My brother heads up the game every year despite wrenching his knee a few years ago during a game. The kickball games remind me of summers spent at Grandmother's house. My cousins would come over, and we would play outside for hours. We jumped off barn roofs, played in the barn loft, mowed her grass using her riding Snapper (the ultimate luxury, it seemed to me), played Fruitbasket Turnover in the living room, and raked leaves into blueprints of houses. I loved those summers.

I want recess back. Maybe SGWP/BWP should host a picnic one day?

Okay, maybe not, but how do we extend the community? How do we create a community that plays together as well as works together? We have the working together part down. We've been working hard this summer. I can't imagine how the people do it who are taking a class in addition to the Summer Institute. I have maybe two hours of free time a day. Other than that, I'm checking email, reading articles, drafting texts, working on invitations, fretting about something, checking the blog and the e-anthology, and worrying about not working on my article for publication. Stress drips from me most days. Whine, whine, whine.

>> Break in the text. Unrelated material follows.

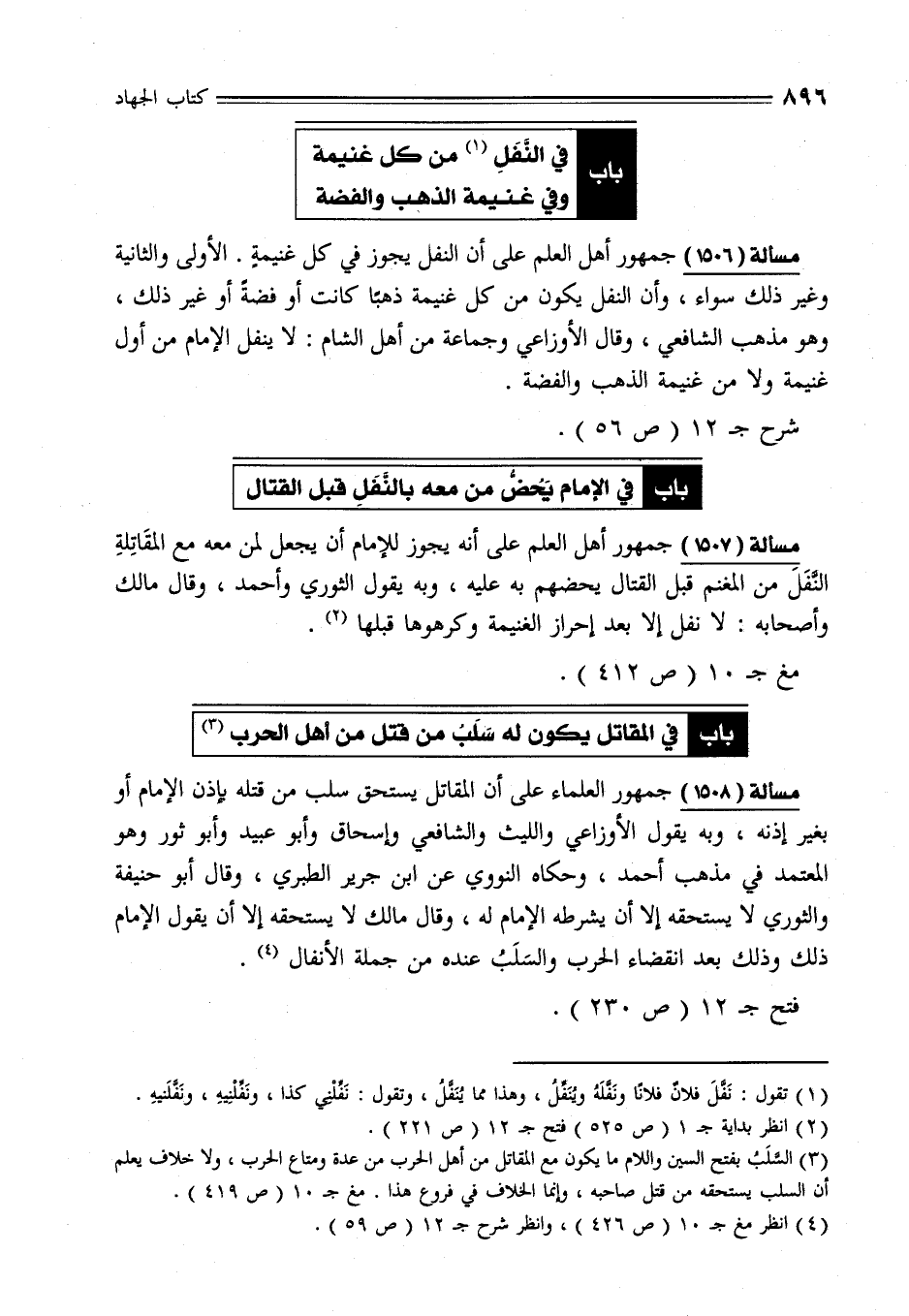 مسألة (1506) جمهور أهل العلم على أن النفل يجوز في كل غنيمةٍ. الأولى والثانية وغير ذلك سواء، وأن النفل يكون من كل غنيمة ذهبًا كانت أو فضةً أو غير ذلك، وهو مذهب الشافعي، وقال الأوزاعي وجماعة من أهل الشام: لا ينفل الإِمام من أول غنيمة ولا من غنيمة الذهب والفضة.

That's not where I wanted to go with this topic.

Here's the real question: How do we get the community formed this summer to meet up with other "classes" of SGWP/BWP? How do we form a larger community of Fellows? Is that a plausible goal? I don't know how to make that happen. Perhaps through the blog. Another way is through having past participants coach new fellows for their teaching demo. I wonder how that went this year. But I'd like to form new communities, based upon mutual areas of interest.

Perhaps we can support a writing group after the Summer Institute ends and open it to all past participants? Or perhaps we can form a teacher research group? I'd like to start with one goal, one group, something that will support teacher development in tangible ways. I'm open to ideas. Let me hear from you about what you think might work. This is your place. Let's make good things happen in it.